En quoi consiste la direction d’écriture ?

En gros, il y a deux phases : d’abord, on construit les arches narratives, c’est donc vraiment un travail d’auteur avec les mains sur le clavier. On pose les bases et la structure de la saison avec les grandes lignes et les points d’étapes de ce qui va arriver pour les personnages récurrents. Ensuite, il y a la phase de chef d’orchestre où on coécrit les scénarios avec des auteurs différents pour chaque épisode, avec pour idée d’assurer la cohérence globale.

Quelle est la différence entre ce qu’on appelle un directeur d’écriture et un showrunner ?

Lorsqu’on est showrunner, on a des prérogatives de production qui dépassent le cadre de l’écriture. Le showrunner aura, par exemple, un droit de regard non seulement sur les scénarios, mais aussi sur les costumes, la musique voire la réalisation.

Comment êtes-vous arrivé sur cette dernière saison de Dix pour cent ?

Ce sont les producteurs de la série [Mon Voisin Productions et Mother Production, NDLR] qui nous ont contactés, Vianney Lebasque et moi. Nous étions en train de finir la série Les Grands et visiblement, ils ont été sensibles à notre travail. Ils nous ont donc proposé de prendre le relais de Fanny Herrero. Au départ, Vianney, qui est aussi réalisateur, devait réaliser une partie des épisodes de la saison. Pour des raisons personnelles, il a dû se retirer du projet que j’ai donc poursuivi seul…

Mais il est tout de même crédité à l’écriture ?

Bien sûr. Nous avions commencé à écrire ensemble, nous avions notamment construit les arches narratives de la saison. Après son départ, j’ai assuré seul la direction d’écriture des épisodes.

Comment s’est déroulée la transition avec Fanny Herrero ?

Ça s’est passé très simplement. On a beaucoup discuté, elle connaissait notre travail. On a senti qu’elle avait confiance en nous, en notre amour de la série. Ça l’a rassurée. Mais elle ne voulait plus travailler sur la série. C’était tout de même un défi : il fallait à la fois écrire quelque chose qui ne renie pas tout ce que les spectateurs aiment depuis trois saisons, tout en arrivant à s’exprimer et à exister personnellement.

Vous avez discuté avec elle de la fin de la série ? C’était son idée de départ d’en arriver là, quand elle a commencé à écrire Dix pour cent ?

Nous n’avons jamais abordé ce sujet. Cela a vraiment été un travail d’écriture progressif. La toute fin de la série est la partie qui a été le plus longtemps remise en cause dans le travail d’écriture. A contrario, on a très vite posé le point de départ de la saison : ce que voulait faire Mathias [Thibault de Montalembert] en quittant ASK, sa relation avec sa fille, l’évolution du rapport d’Andréa [Camille Cottin] avec son bébé…

Était-ce une volonté de votre part de laisser une porte ouverte à un éventuel spin-off sur une nouvelle agence ou une volonté de France 2 qui diffuse la série ?

Non, France 2 nous a laissés complètement libres. Je dois avouer qu’on n’a pas écrit cette fin en pensant à un spin-off ou une suite. C’est très difficile d’écrire une fin totalement fermée. L’idée, c’était plutôt de laisser partir les personnages en donnant aux spectateurs le sentiment qu’ils allaient continuer à vivre leur vie après la fin de la série.  

La spécificité de Dix pour cent, ce sont les guests – des stars qui jouent leur propre rôle – dans les différents épisodes. Vous connaissiez le casting au moment de l’écriture des arches narratives de la saison 4 ?

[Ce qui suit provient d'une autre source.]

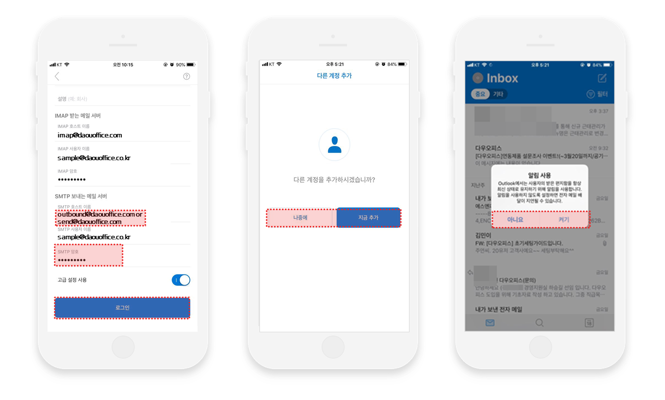 안내를 따라 아웃룩 앱에 다우오피스 메일을 연동해보세요.

Au tout début, non, quasiment pas. On s’est concentrés sur les personnages récurrents qui ont trois saisons derrière eux, des problématiques qui leur sont propres et, du coup, des choses à régler. C’est en réfléchissant à tout cela que l’on peut bâtir une nouvelle saison. Chaque épisode se divise entre des scènes qui font avancer ces personnages et des séquences plus indépendantes en termes de narration, qui mettent en scène les acteurs et actrices invités le temps d’un épisode. Une fois les arches narratives posées, on a commencé à réfléchir à des intrigues pour eux. L’idée étant ensuite de réussir à les faire fusionner de matière naturelle et organique avec ce que vivent les personnages récurrents. Par exemple, sur l’épisode avec Franck Dubosc [épisode 2] : la manière dont Gabriel [Grégory Montel] s’en occupe va entrer en résonance avec les enjeux de sa relation avec Andréa, qui ont été posés dans l’épisode 1 et ont trouvé leur conclusion dans l’épisode 3.

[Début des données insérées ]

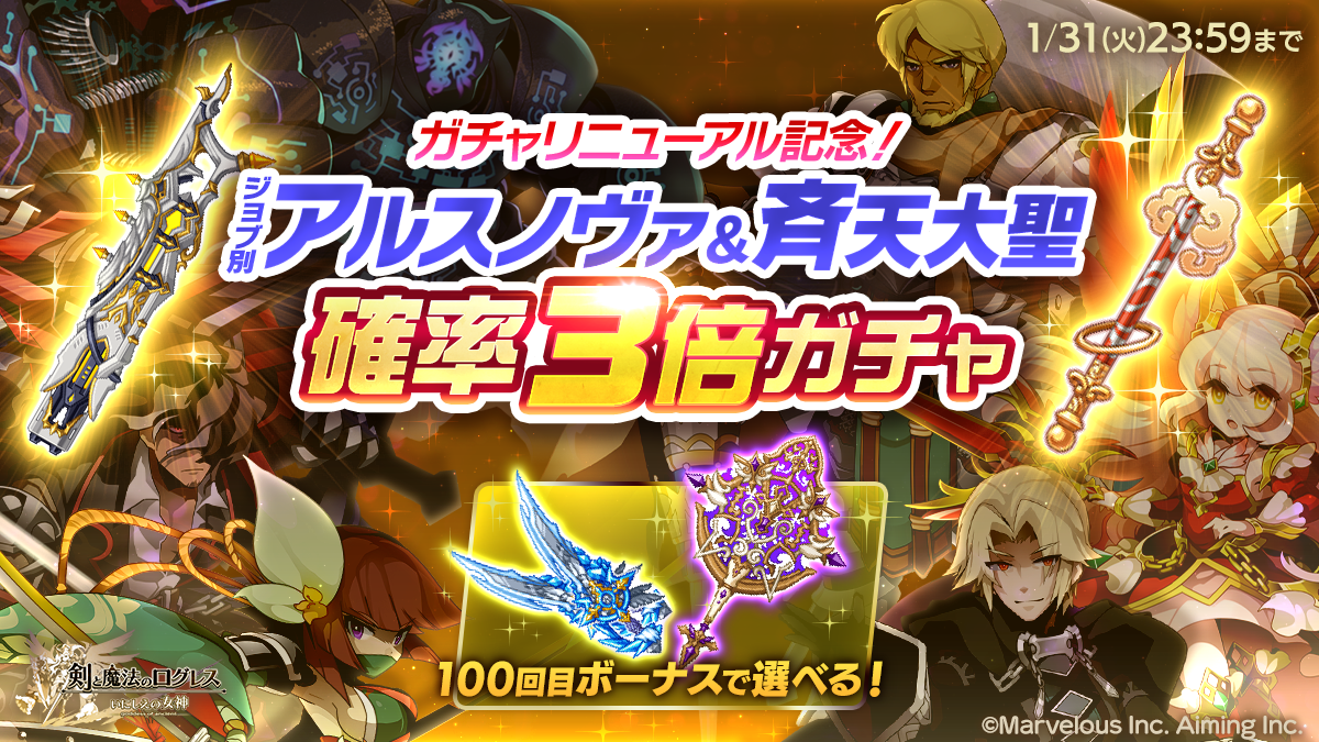 株式会社マーベラス(代表取締役社長:佐藤 澄宣/所在地:東京都品川区)は、スマートフォン向け本格オンラインRPG『剣と魔法のログレス いにしえの女神』において、2023/1/25(水)に「ジョブ別 アルスノヴァ&斉天大聖確率3倍ガチャ」の販売、および新イベント「反逆アデル戦記」の開催を含むアップデートを行ったことをお知らせいたします。

Sigourney Weaver et Fanny Sidney dans l'épisode 5 de la saison 4 de Dix pour cent
Sigourney Weaver et Fanny Sidney dans l'épisode 5 de la saison 4 de Dix pour cent Christophe Brachet-FTV/Mon Voisin Productions/Mother Production

J’imagine que vous n’avez pas choisi les guests…

Oui et non. Quand on écrit, on réfléchit à une problématique donnée pour un acteur particulier. Par exemple, pour l’épisode avec Franck Dubosc, on est partis de l’idée d’un acteur de comédie qui a rêvé de faire un film d’auteur et qui se rend compte que c’est plus dur que ce qu’il avait imaginé. Cette idée peut fonctionner avec différents comédiens. Après, il y a plein de choses que l’on ne maîtrise pas et on s’adapte en fonction de l’acteur qui est choisi. On lui écrit alors un texte qui est totalement cohérent avec sa personnalité.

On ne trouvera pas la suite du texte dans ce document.